Each New Year's Day since 1 January 1941, the VPO has sponsored the Vienna New Year's Concerts, dedicated to the music of the Strauss family composers, and particularly that of Johann Strauss II.
Popularity
The Vienna Philharmonic was named as Europe's finest in a recent survey by seven leading trade publications, two radio stations and a daily newspaper. Subscription ticket demand for the Vienna Philharmonic at their home, Musikverein, is currently listed on the orchestra's website as being on a waiting list. The waiting list for weekday concert subscriptions is six years and thirteen years for weekend subscriptions. Casual tickets however, are available in small numbers and can be bought via links from the VPO website, to various ticket resellers. It is also possible to book package deals which include transport, hotel accommodation and meals and tickets to concerts.
The orchestra is so popular and famous, that it has been the motive of one of the world's most famous bullion coins: the Vienna Philharmonic coin. The coin is struck in pure gold, 999.9 fine (24 carats). It is issued every year, in four different face values, sizes and weights. It is used as an investment product, although it finishes almost always in the hands of collectors. According to the World Gold Council, this coin was the best selling gold coin in 1992, 1995 and 1996 world wide.
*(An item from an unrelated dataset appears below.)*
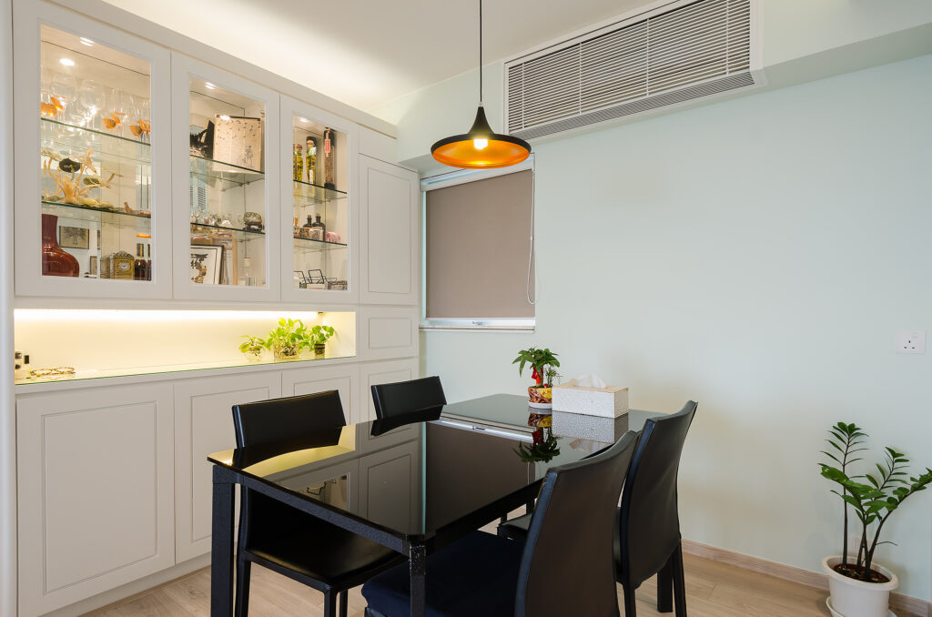 飯廳櫃以純淨的白色為主調,搭配時尚的黑色燈飾,在簡約中流露出一絲摩登氣息。

In 2006 Austrian Airlines was outfitted with a livery featuring the gold coin and logo of the Wiener Philharmoniker. The long-range Airbus A340-300 aircraft was flown primarily between Vienna and Tokyo for approximately one year serving as promotional tool for the orchestra and the Philharmoniker, 24 karat gold coin issued by the Austrian Mint.
Sound and instruments
The characteristic sound of the Vienna Philharmonic can be attributed in part to the use of instruments and playing styles that are fundamentally different from those used by other major orchestras:
- The orchestra's standard tuning pitch is A443, where the pitch A is generally considered at a frequency of 440 Hz.
- The VPO uses the German-system clarinet. By comparison, the Boehm-system clarinet is favored in non-German speaking countries.
- Likewise, while the Heckel (German) bassoon is now the norm for most orchestras around the world, in the VPO the Heckel bassoon is played almost completely without vibrato.
- The rotary-valve trumpet is used, but this is also popular in other German and Austrian orchestras.
- Like its counterparts elsewhere in Austria, Germany and Russia, the VPO favors the F bass and BB-flat contrabass rotary-valve tuba, whereas the CC piston-valve tuba is preferred in most American and some British orchestras.
- The trombone has a somewhat smaller bore, but this is also true of the trombone used in many German orchestras.
- The timpani use natural goat hide instead of synthetic hide.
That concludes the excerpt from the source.